(June 25, 2017 at 8:14 am)Alex K Wrote: As a scientist and educator, I firmly believe that it is crucial that members of our society learn how to think about their place in the world as well as their true origins. The notion that we don't have to educate anyone who hasn't thought about the issue by themselves seems absurd to me.
I also disagree with your somewhat arbitrary criterion what is a nonexistent object. I understand that you got to study a bit of mathematics for your degree and encountered some concepts that seemed alien to you and therefore got the impression that you just then began to work with nonexistent objects, but you've been doing that all the time, and everyone is doing it. Numbers in general. Show me a 1.5 in Nature. Show me a clear-cut cause and effect. We all use tons of idealized abstractions to describe and deal with the world, complex numbers and the axioms of classical geometry are just new to you. They are one more abstract idea we can use to describe reality, e.g. the phase and amplitude of an alternating current. Electrical current is an idealization, it's a bunch of quantum waves whizzing down a crystal, meanwhile the energy is transferred through the electromagnetic field around the wire.
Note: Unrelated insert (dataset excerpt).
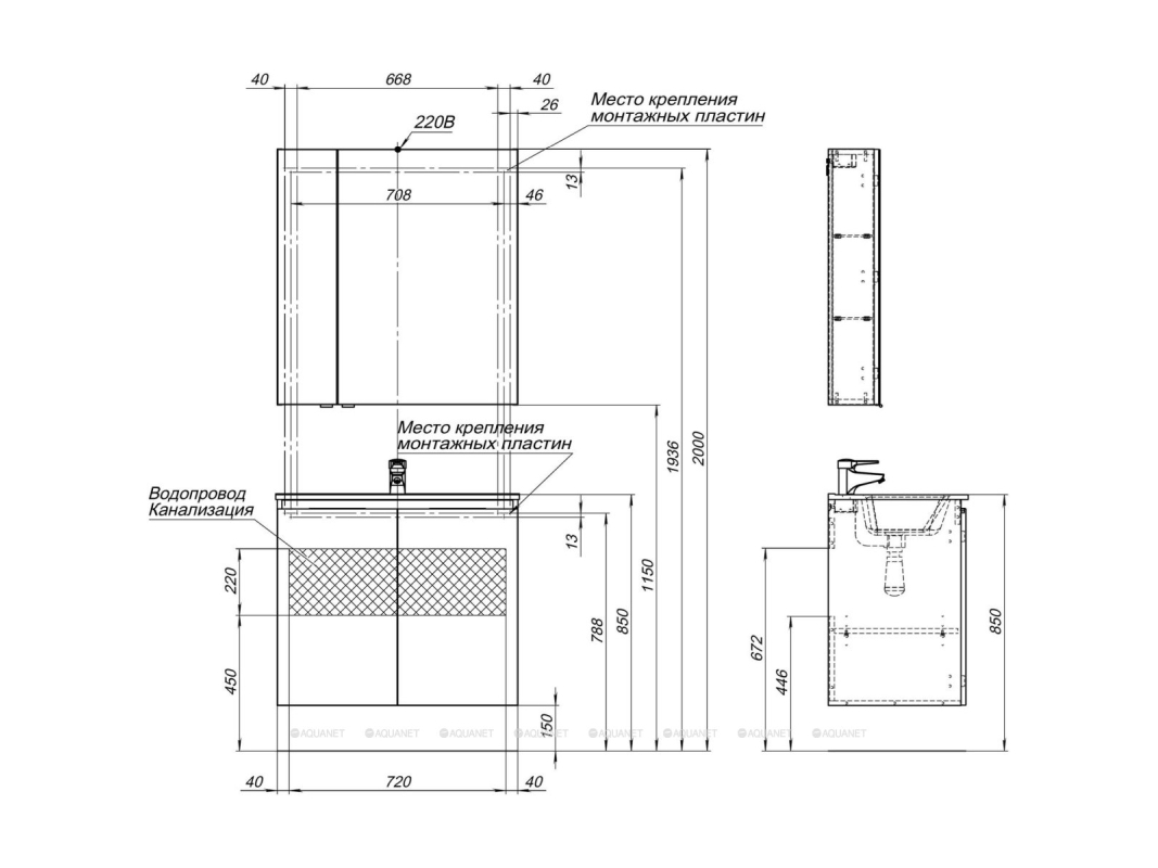 Для организации мест хранения подойдет пенал «Алвита» New 35 (артикул 00277560) и шкаф с зеркальной поверхностью «Алвита» New 80 (артикул 00277536) от производителя Aquanet. Для оснащения раковины рекомендуем приобрести смеситель (артикул 5.21001-00) и донный клапан (артикул 5.21026-31).
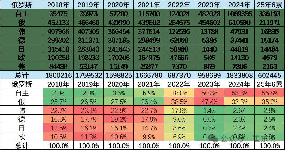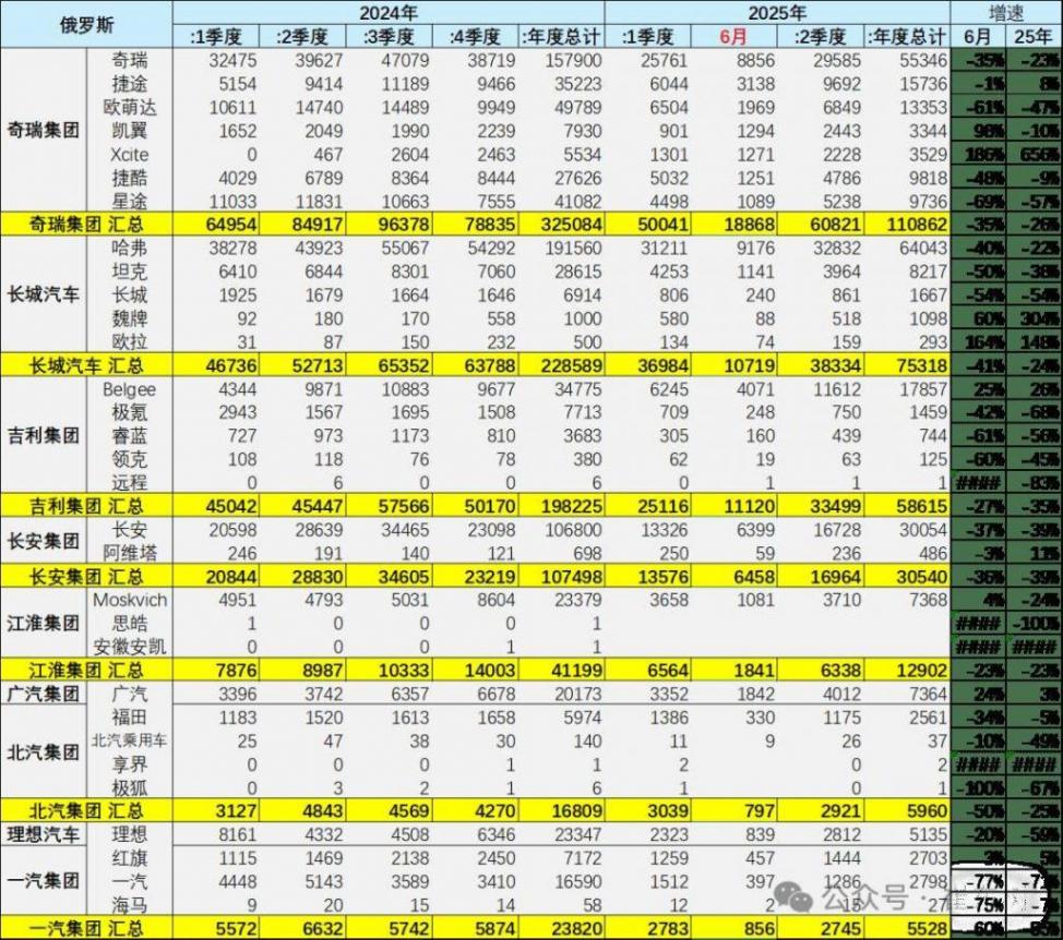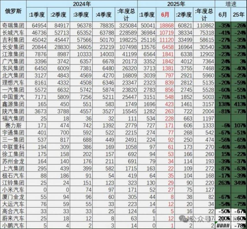 2023年中国出口俄罗斯100万辆车,自主的俄罗斯市场销量48万辆,销量是中国自主出口量的48%。2024年中国出口俄罗斯128万辆车,自主的俄罗斯市场销量107万辆,自主的俄罗斯市场销量是中国自主出口量的84%。2025年1-6月中国出口俄罗斯18万辆车,自主品牌俄罗斯销量34万辆,当地销量是中国出口的187%,终于实现了大幅去库存的走势,化解风险。

I do not understand the connection to Will, nor what your point is in general.
Should I have a point?
I just present what I have in mind before expecting from some others to share with me what they have in their mind too.
Me too, I seldom understand a new idea the time I hear it. And, not every idea presented to the world has to be included in my personal set of knowledge. So, naturally, I also expect that other human beings could be as I am in this respect in the least.